WORK INSTRUCTIONS:
Among the entries below, one stretch runs from the line that contains "Mistral AI wypuścił" through the line that contains "ai fan g.com". Repeat that stretch exactly, ends included, and only that.

DATASET ENTRIES:
|---|

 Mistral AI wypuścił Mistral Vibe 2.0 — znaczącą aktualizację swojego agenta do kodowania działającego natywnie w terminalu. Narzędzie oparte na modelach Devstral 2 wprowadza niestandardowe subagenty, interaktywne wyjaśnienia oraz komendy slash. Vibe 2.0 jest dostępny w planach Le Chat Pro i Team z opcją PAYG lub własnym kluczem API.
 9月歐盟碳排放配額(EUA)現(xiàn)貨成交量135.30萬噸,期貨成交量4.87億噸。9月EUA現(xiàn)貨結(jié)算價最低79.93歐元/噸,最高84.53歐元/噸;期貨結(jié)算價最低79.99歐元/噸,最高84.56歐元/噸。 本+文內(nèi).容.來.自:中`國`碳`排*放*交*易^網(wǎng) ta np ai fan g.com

|---|

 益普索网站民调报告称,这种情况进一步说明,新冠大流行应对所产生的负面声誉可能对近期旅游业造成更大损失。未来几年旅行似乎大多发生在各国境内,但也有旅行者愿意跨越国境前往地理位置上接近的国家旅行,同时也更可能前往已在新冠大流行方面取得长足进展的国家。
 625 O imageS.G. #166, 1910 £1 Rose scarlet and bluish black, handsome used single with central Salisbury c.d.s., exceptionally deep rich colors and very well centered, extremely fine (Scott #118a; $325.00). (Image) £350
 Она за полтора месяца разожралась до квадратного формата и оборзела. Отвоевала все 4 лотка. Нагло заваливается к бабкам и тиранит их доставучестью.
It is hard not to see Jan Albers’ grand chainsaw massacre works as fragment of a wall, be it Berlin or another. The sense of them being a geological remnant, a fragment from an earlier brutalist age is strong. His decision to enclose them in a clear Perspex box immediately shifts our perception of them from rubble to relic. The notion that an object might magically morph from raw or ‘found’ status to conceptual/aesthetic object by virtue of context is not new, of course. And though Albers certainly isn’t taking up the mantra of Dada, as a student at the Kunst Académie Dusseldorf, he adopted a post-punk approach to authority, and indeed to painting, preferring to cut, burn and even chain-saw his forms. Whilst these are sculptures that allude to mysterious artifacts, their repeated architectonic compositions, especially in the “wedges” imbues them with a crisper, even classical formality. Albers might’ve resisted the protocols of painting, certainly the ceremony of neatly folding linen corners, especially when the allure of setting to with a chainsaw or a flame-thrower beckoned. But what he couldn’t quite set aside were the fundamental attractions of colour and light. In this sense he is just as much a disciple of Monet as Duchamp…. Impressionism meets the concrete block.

|---|

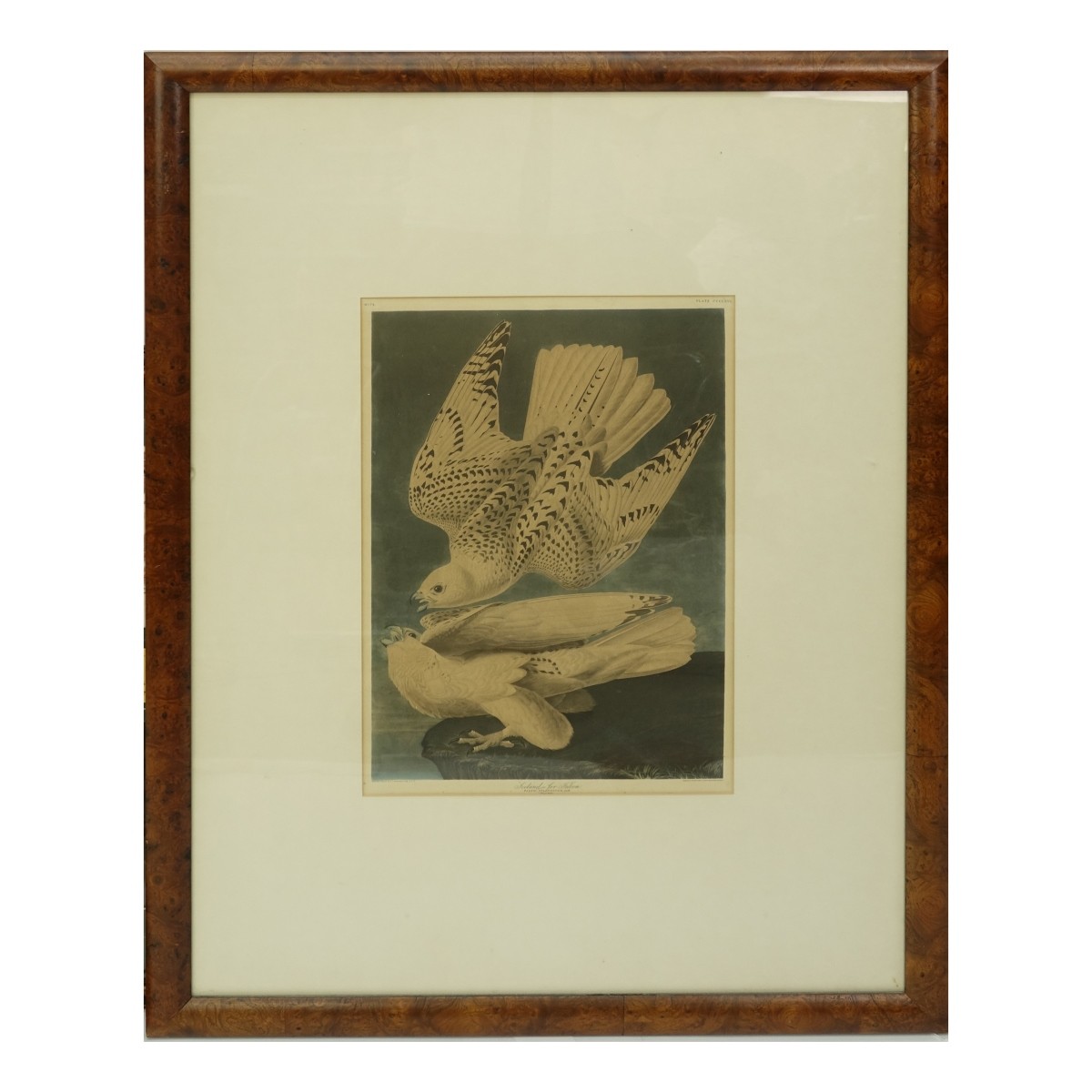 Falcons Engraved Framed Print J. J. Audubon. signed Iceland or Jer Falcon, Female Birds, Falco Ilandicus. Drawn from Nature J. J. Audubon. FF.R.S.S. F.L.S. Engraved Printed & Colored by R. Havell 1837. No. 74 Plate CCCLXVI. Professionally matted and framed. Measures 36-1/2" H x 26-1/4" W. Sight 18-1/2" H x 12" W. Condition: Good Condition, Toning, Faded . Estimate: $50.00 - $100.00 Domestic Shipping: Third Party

|---|

REPLY TO THE EXERCISE:
 Mistral AI wypuścił Mistral Vibe 2.0 — znaczącą aktualizację swojego agenta do kodowania działającego natywnie w terminalu. Narzędzie oparte na modelach Devstral 2 wprowadza niestandardowe subagenty, interaktywne wyjaśnienia oraz komendy slash. Vibe 2.0 jest dostępny w planach Le Chat Pro i Team z opcją PAYG lub własnym kluczem API.
 9月歐盟碳排放配額(EUA)現(xiàn)貨成交量135.30萬噸,期貨成交量4.87億噸。9月EUA現(xiàn)貨結(jié)算價最低79.93歐元/噸,最高84.53歐元/噸;期貨結(jié)算價最低79.99歐元/噸,最高84.56歐元/噸。 本+文內(nèi).容.來.自:中`國`碳`排*放*交*易^網(wǎng) ta np ai fan g.com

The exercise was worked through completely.